Below is a listing to repeat exactly, with its pictures left out.

- Data extract
________________________
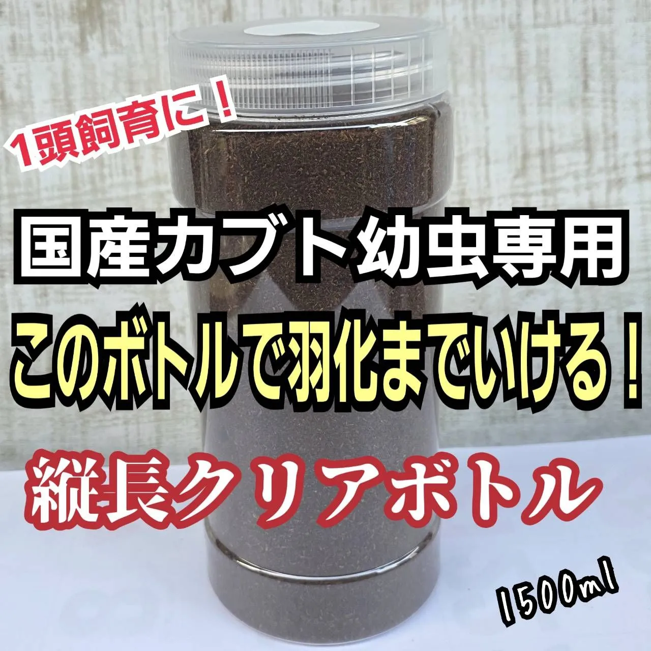 クリアボトルで中が良く見えて幼虫、サナギ、羽化まではっきりと観察できるこだわりのボトルに栄養たっぷりの発酵マットを詰めて発送致します。
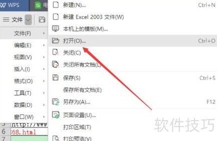 2、 以WPS为例,安装并启动软件后,点击左上角文件菜单中的打开,或直接使用Ctrl+O快捷键,即可弹出文件选择窗口,快速导入所需文档。
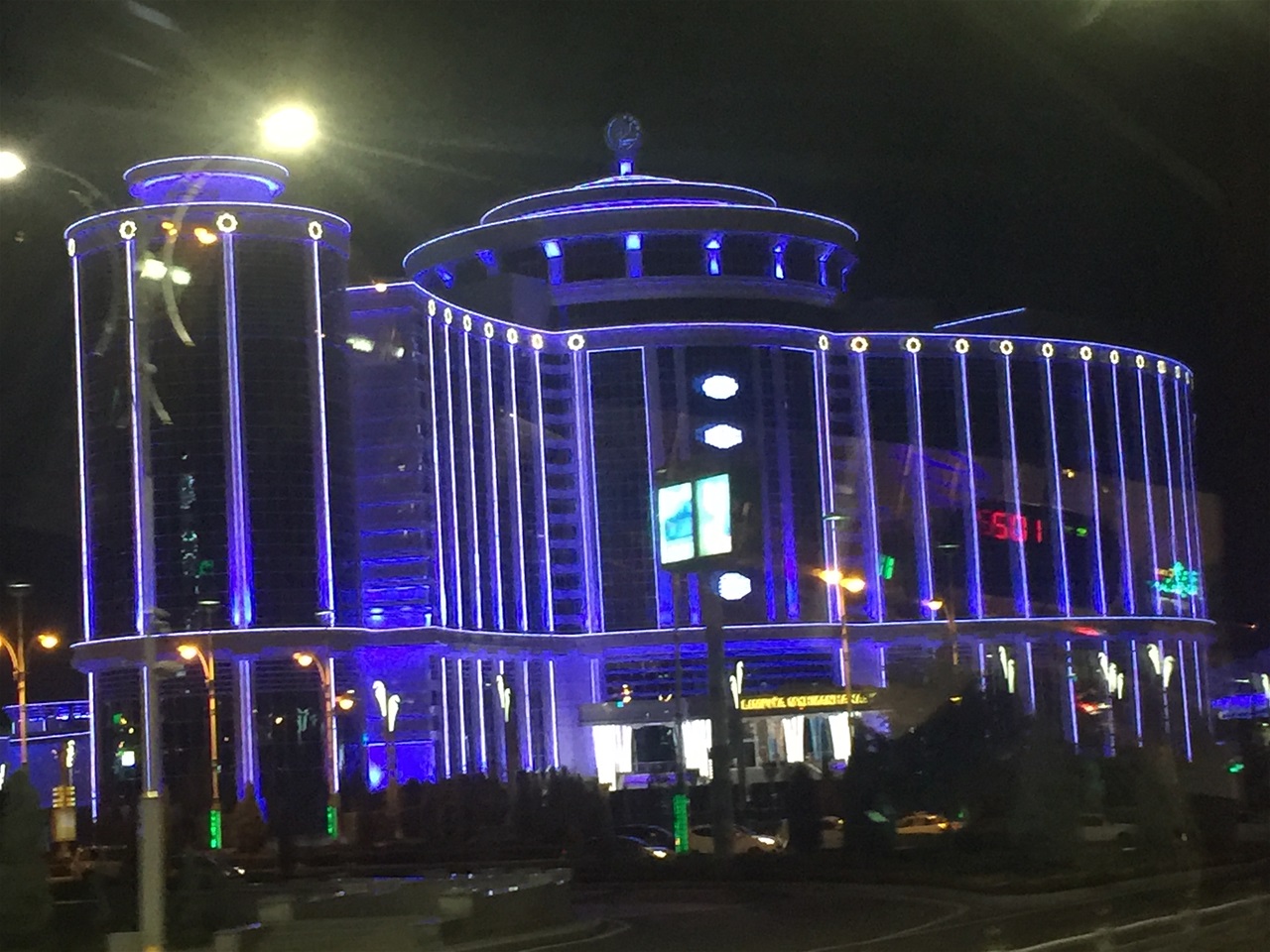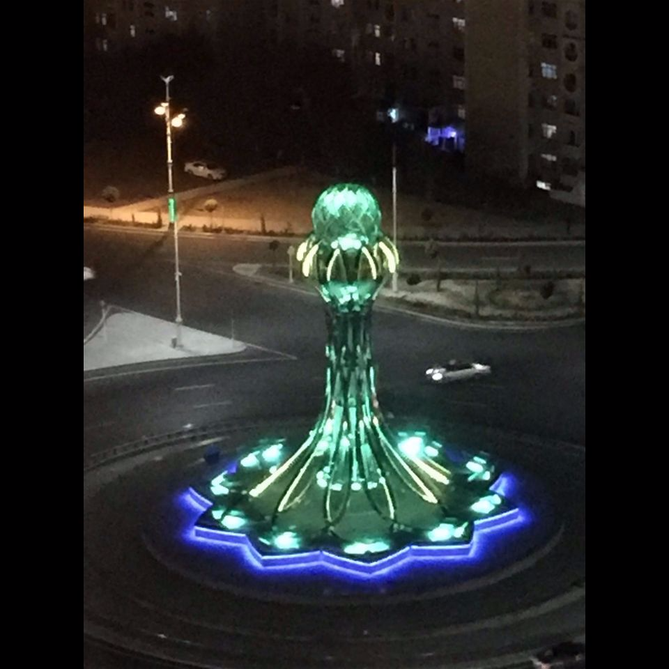 Not a lot to say about these pics! I have never been to Las Vegas, but those of my fellow travellers that have say that’s the closest they have seen in terms of gross flashiness…. the key difference is that Las Vegas is full of hustle and bustle whereas Ashgabat is almost completely deserted – just a ghost town! The first pink looking building is the posh hotel where we ate our dinner on the top floor. The hotel appeared to be empty: certainly our little party were the only folks eating in the restaurant. A genuinely bizarre experience…..
________________________
- Output
 クリアボトルで中が良く見えて幼虫、サナギ、羽化まではっきりと観察できるこだわりのボトルに栄養たっぷりの発酵マットを詰めて発送致します。
 2、 以WPS为例,安装并启动软件后,点击左上角文件菜单中的打开,或直接使用Ctrl+O快捷键,即可弹出文件选择窗口,快速导入所需文档。
 Not a lot to say about these pics! I have never been to Las Vegas, but those of my fellow travellers that have say that’s the closest they have seen in terms of gross flashiness…. the key difference is that Las Vegas is full of hustle and bustle whereas Ashgabat is almost completely deserted – just a ghost town! The first pink looking building is the posh hotel where we ate our dinner on the top floor. The hotel appeared to be empty: certainly our little party were the only folks eating in the restaurant. A genuinely bizarre experience…..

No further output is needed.